В начале своей речи Карадауи сразу же достаточно оригинально отмежевал ислам от терроризма. Он заявил, что «мученические операции, осуществляемые палестинскими группировками для сопротивления сионистской оккупации, ни в коем случае не должны быть внесены в рамки запрещенного терроризма, даже если жертвы включают в себя некоторое число гражданских лиц»[375]. Не удивительно, что содержание основной части его доклада можно назвать открытой апологией терроризма, нацеленного на мирное население Израиля.

Необходимо иметь в виду, что в глазах Карадауи легитимность атак против гражданских объектов производна от уникальности ситуации арабо-израильского конфликта в Палестине, той тяжести положения, которая лежит на плечах борцов исламского сопротивления, борющегося с оккупацией. Все дальнейшие тезисы, выдвинутые почтенным богословом, исходили из этой базовой предпосылки. Для оправдания атак террористов-смертников против мирных жителей ученый привел шесть аргументов.

Во-первых, он отметил колониалистский, оккупационный, расистский и, наконец, милитаристский характер израильского общества, в котором каждый взрослый человек обязан нести воинскую повинность, будь то мужчина или женщина. Любой израильтянин — либо действительный солдат армии, либо резервист, который может быть призван для войны в любое время. Поэтому те, кого называют «мирные граждане», в действительности «"солдаты" армии сынов Сиона»[376]. Таким образом, ученый приравнивает гражданское население Израиля к вооруженному противнику, тем самым превращая его в легитимный объект для атаки.

Во-вторых, он указал на уникальную историческую особенность возникновения израильского общества, которая отличает его от других обществ. Израильское государство возникло путем переселения и захвата земель Палестины евреями, приехавшими из других регионов — Америки, Европы, России и стран Востока, оно изначально представляло собой «общество захватчиков». В условиях явной оккупации земель мусульман пострадавшие имеют право бороться с захватчиками всеми средствами, которые у них имеются, чтобы выгнать их из домов и отправить обратно туда, откуда они пришли. В таких обстоятельствах Карадауи готов оправдать даже непреднамеренное убийство невинного ребенка необходимостью джихада.[377]

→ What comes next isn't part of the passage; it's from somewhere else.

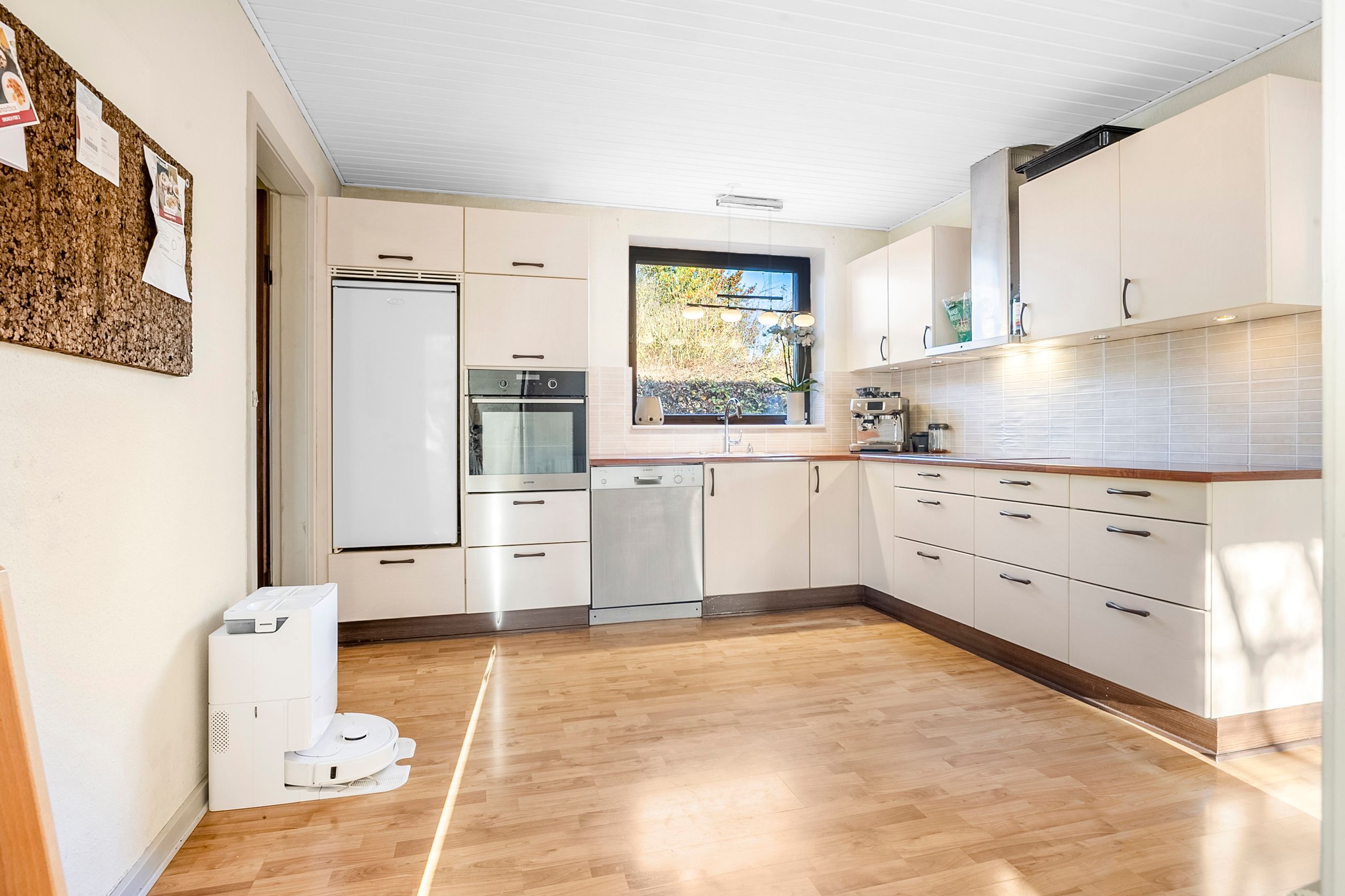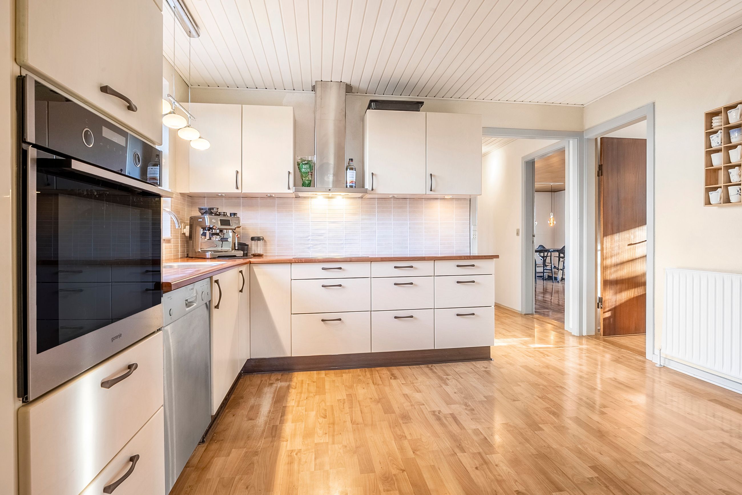 Køkkenet er funktionelt og rummeligt med mulighed for en mindre spiseplads og fungerer som et naturligt samlingspunkt i hverdagen.

В-третьих, Карадауи напомнил, что, согласно мусульманскому праву, кровь и имущество людей аль-Харб[378] (людей, принадлежащих «территории войны», т. е. враждебного мусульманам государства) теряют правовую защиту и становятся разрешенными [379].

Четвертый аргумент основан на суждении по аналогии и в точности повторяет тезис анонимной фатвы, оправдывающей террористический акт Хавы Бараевой. Согласно большинству исламских ученых, разрешено убивать мусульман, которых вражеская армия использует как «человеческий щит», но лишь в качестве крайней меры с целью жертвы лишь некоторыми людьми для спасения мусульманской общины в целом. Отсюда делается вывод о том, что убийство немусульман тем более дозволено, если целью становится освобождение земли мусульман от оккупантов и угнетателей[380].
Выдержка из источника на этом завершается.